I'm so glad you said this op! It's exactly what I was thinking!
No I'm not dh's mother, that's pretty obvious, don't need that reminder. But I am the mother of his children and responsible for the largest part of running our family and household, which he truly appreciates! He shows me this appreciation all the time (oh yeah, and we also don't need to be reminded there are 364 other days in a year
but on MD I get a little extra something, a card with my 2 year olds' scribbles inside which I shall treasure forever and a token gift which for the second part I'm not even as fussed about, but it does feel nice. I also get to spend time with them as a family and a few hours to relax by myself. I feel loved and appreciated and on that day I think wow, I really must be doing a good job at this mother/family thing (and who doesn't have doubts about that from time to time.) I love showing our appreciation for dh on Father's Day too.
If people think it's commercialised bullshit and husbands shouldn't have to involve themselves in any acts of appreciation to the mother of their children, then that's fine, feel free to have your opinion, but that doesn't make it the right one. It's up to us as individuals as to how we choose to view Mother's Day.
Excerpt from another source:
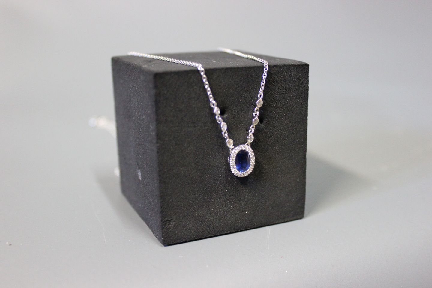 18 carat White gold neclace with 21 0,01 d., 6 0,03 d. and a saphire.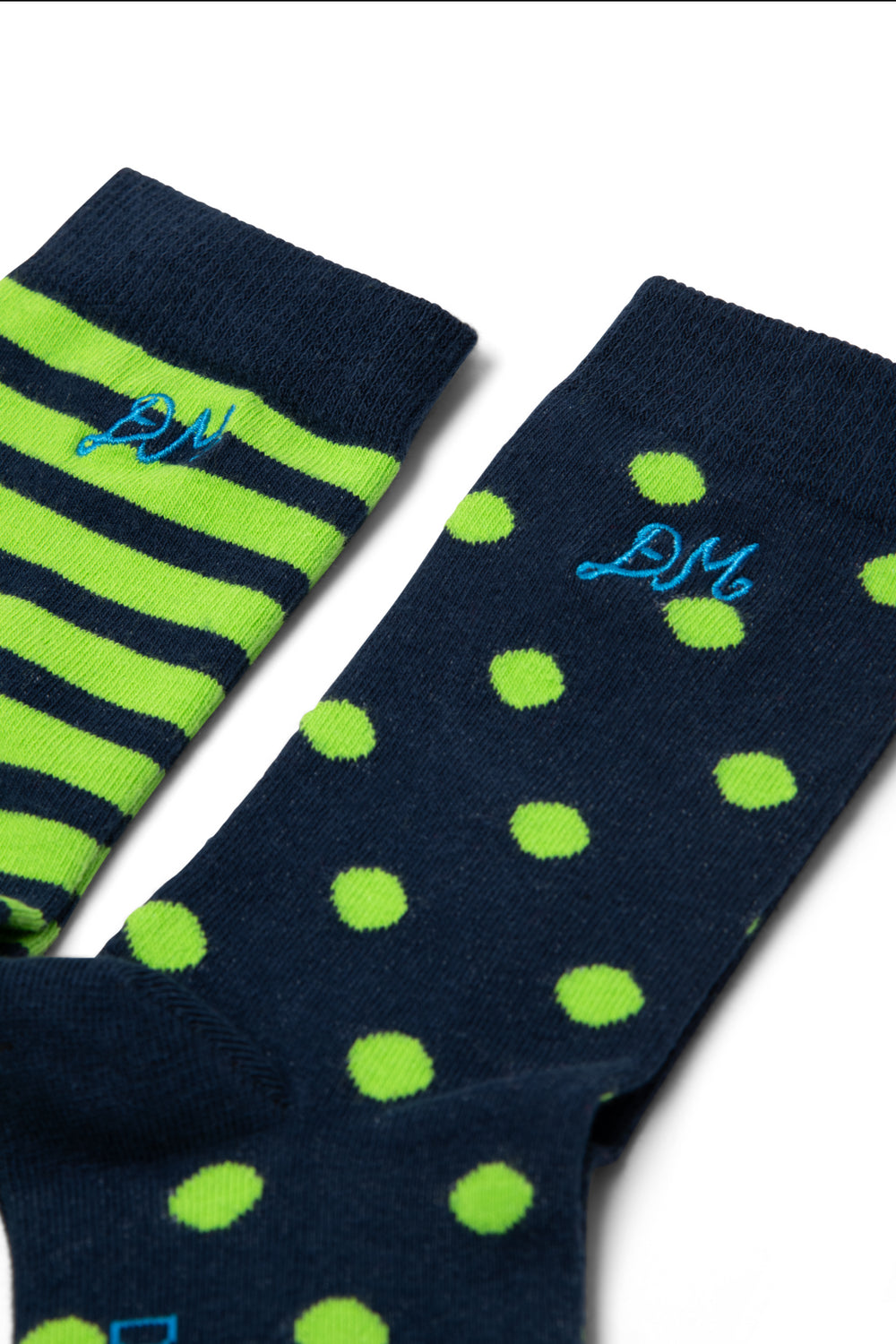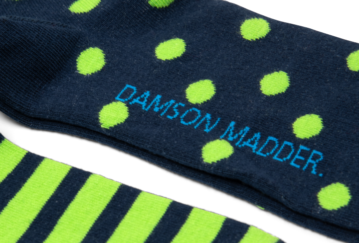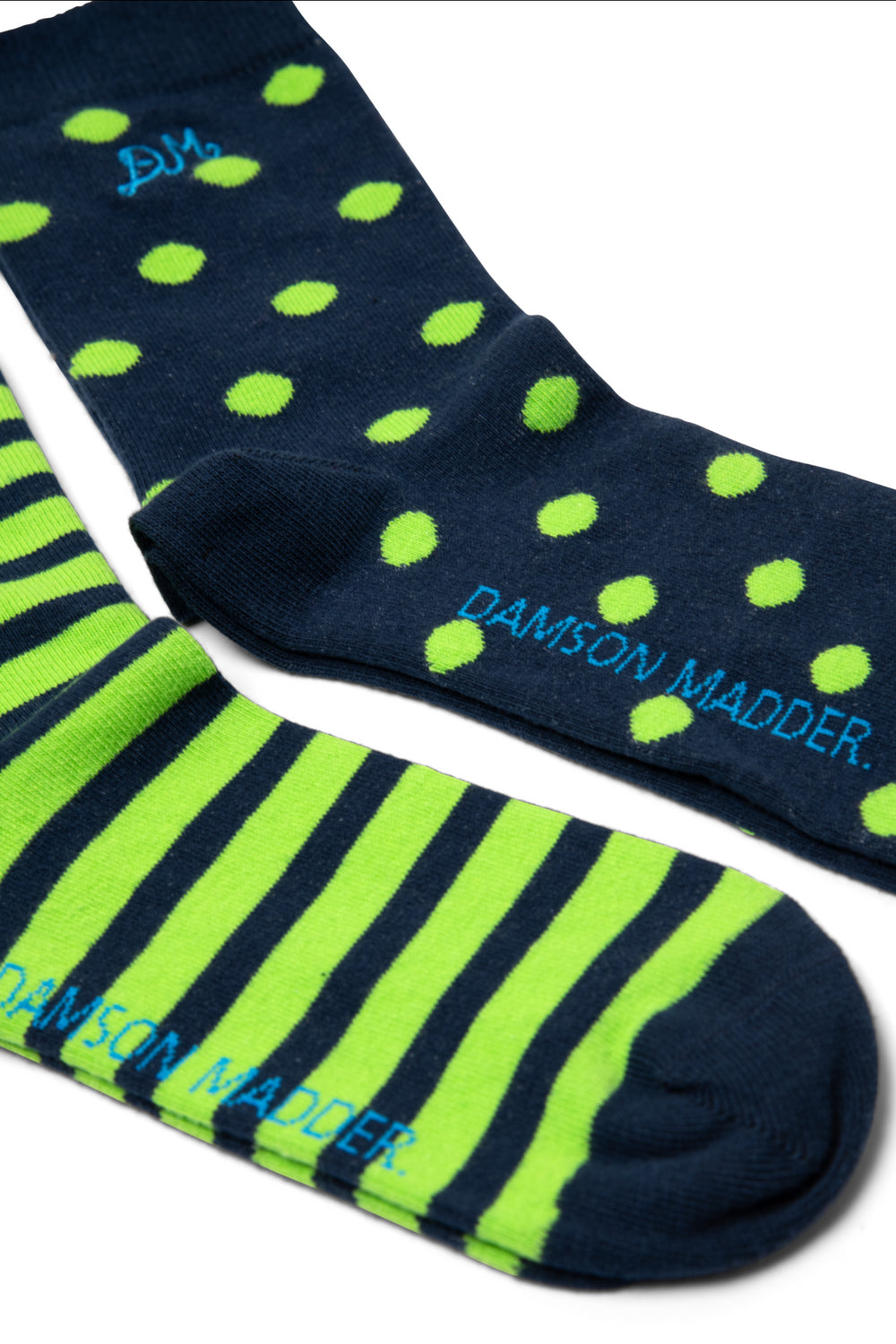 This 2 pack of calf-length socks in polka dot and stripe comes with our signature blue DM embroidery and a comfy organic cotton blend, ready to add a little pattern love to every outfit.

Who are they to tell a woman how she should be feeling when she's obviously feeling upset and under appreciated by her family. I've had enough of men telling me how to feel thanks, so won't be accepting any of that bs on a day like Mother's Day from fellow females.
I think they should probably stop celebrating their dh's birthdays by this account, and not give their kids any help with the occasion either, as it's not like they gave birth to dh on that day, so it's pretty meaningless and nothing to do with anyone else....
...Or we could just celebrate the few things that are worth celebrating in this short, short life. Celebrating people I love is high on my list, on a regular day and even more so a specially celebrated day.